2. Materials and Methods

2.1 Animal protocols

Obese 7-week old male Zucker rats (GmiCrl-fa/fa) were purchased from Charles River Laboratories (Wilmington, MA). Rats were acclimated for two weeks after arrival, housed in individual cages at an ambient temperature of 22 ± 2°C with a 12:12-hr light–dark cycle and free access to water and food (Purina 5008: 56.4% calories from carbohydrates, 26.8% calories from protein, 16.7% from fat; Dyets, Bethlehem, PA). The 9-week old rats were then randomly assigned to one of two feeding groups for two weeks: Purina 5008 + LA (3 g R-α-lipoic acid/kg diet; MAK Wood, Grafton, WI) or pair-fed Purina 5008. Food was provided between 1 and 3 pm in two-day feeding rations along with MilliQ water, and food intake, water intake, and body weight were recorded every second day. LA consumption was thus estimated to approximate 200 mg/kg of body weight per day. At the end of the feeding trial, rats were fasted for three hours and blood was collected in EDTA-coated tubes, then centrifuged at 12,000×g for 1 min to collect plasma, which was then stored at −80°C. Rats were then anesthetized using isoflurane and livers were excised and weighed, then frozen in liquid nitrogen and stored at −80°C. Animals were handled in accordance with the Institutional Animal Care and Use Committee (IACUC), University of Nebraska-Lincoln, and all experiments were conducted in conformity with the Public Health Service (PHS) Policy on Humane Care and Use of Laboratory Animals.

2.2 Cell culture

The hepatic tumor cell line McA-RH7777, originally derived from the Buffalo rat, was obtained from America Type Culture Collection (Manassas, VI) and maintained in DMEM containing 10% FBS, 1.0 g/L glucose and 0.5% penicillin/streptomycin. Cells were grown in T75 flasks at 37°C, 5% CO2, with the media changed every other day and cells passaged every 3–4 days. Twenty-four hours prior to treatment, cells were seeded onto 6-well plates (0.25 × 106) and maintained overnight in DMEM containing 4.5 g/L glucose. The next day, 6 mM glucose was added to the glucose treated groups (glucose group, Glu) while the control group was kept in DMEM with 4.5 g/L glucose.
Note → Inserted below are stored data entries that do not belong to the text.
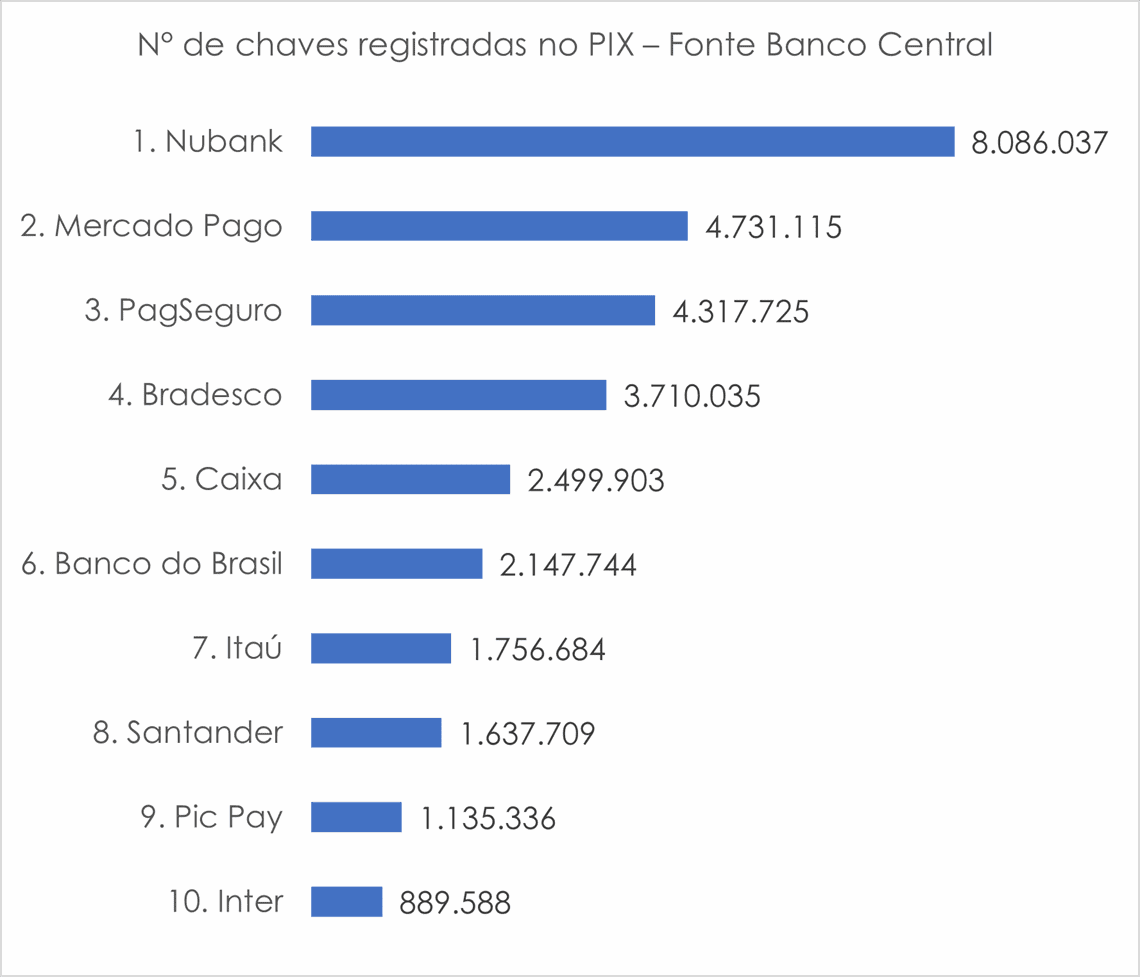 A mesma pesquisa mostra que a adoção será mais forte entre os mais jovens, das gerações Z e Y, que são mais familiarizados com a tecnologia, conectados e digitais. Para estes consumidores, será mais rápida a assimilação das funcionalidades destas ferramentas digitais e eles deverão pressionar a adesão do Pix no varejo. Os últimos números do cadastro de chaves no Pix divulgado pelo Banco Central em meados de outubro mostrou que os bancos digitais e as fintechs saíram na frente dos bancos tradicionais no número de cadastros. A maior familiaridade com os serviços digitais dos usuários destas instituições pode ser uma das razões para explicar o sucesso do número de chaves registradas.
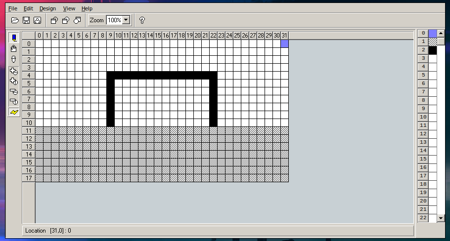Para crear nuestro fondo utilizaremos la herramienta gbtd(GameBoy Tile Designer), donde crearemos nuestros tiles con los que confeccionaremos nuestro mapa:
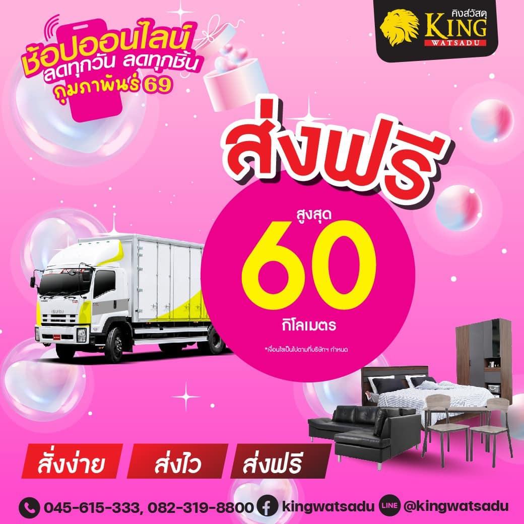 ช้อปออนไลน์ ช้อปคุ้ม ทั้งเดือน คิงส์วัสดุจัดให้ ส่งฟรีสูงสุด 60 กิโลเมตร สั่งวัสดุก่อสร้าง เฟอร์นิเจอร์ ของใช้ในบ้าน ไม่ต้องขนเอง ไม่ต้องเหนื่อย เราส่งถึงบ้าน ฟรี

Cells were then treated with 0.2 mM LA for 48 hours, a concentration that can be achieved in human blood plasma after ingestion of a supplement [21]. LA was dissolved in ethanol to prepare a 100 mM stock solution, and glucose was dissolved in water to prepare a 1 M solution. Palmitic acid (PA) was prepared as previously described [22]. For cell transfection, 1.5 g of plasmid DNAs were transfected into McA cells as previously described [23].

2.3 PCR

Total RNA was isolated from tissues and cells using TRIzol (Life Technologies, Grand Island, NY). RNA integrity was confirmed using a NanoDrop 2000 (Wilmington, DE). First strand cDNA was synthesized with oligo(dT) and random primers using a High-Capacity cDNA Reverse Transcription Kit with RNase Inhibitor (Life Technologies). PCR was performed on a Bio-Rad T100 Thermo Cycler (Hercules, CA). Fold changes in mRNA induction were determined after normalization of the mRNA levels to internal control 18S ribosomal RAN levels. Primer sequences will be provided upon request.

2.4 Immunoblot analysis

Liver tissue and cells were washed with ice cold PBS and lysed with cold lysis buffer. Plasma protein was also prepared using lysis buffer. Total protein amounts in liver tissue and cell lysates were determined by Bradford dye-binding method (Bio-Rad) and immunoblot analysis was performed. The following antibodies were used: anti-apoB, anti-apoE, and anti-albumin (Midland Bioproducts, Boone, IA); anti-β-actin (Sigma-Aldrich, St. Louis, MO); anti-CREBH, anti-SREBP-1, anti-SREBP-2, anti-Insig-1, and anti-Insig-2 (Santa Cruz, Dallas, TX); and anti-histone H3 (Thermo Scientific, Waltham, MA). Signals were detected using enhanced chemiluminescence (Pierce, Rockford, IL).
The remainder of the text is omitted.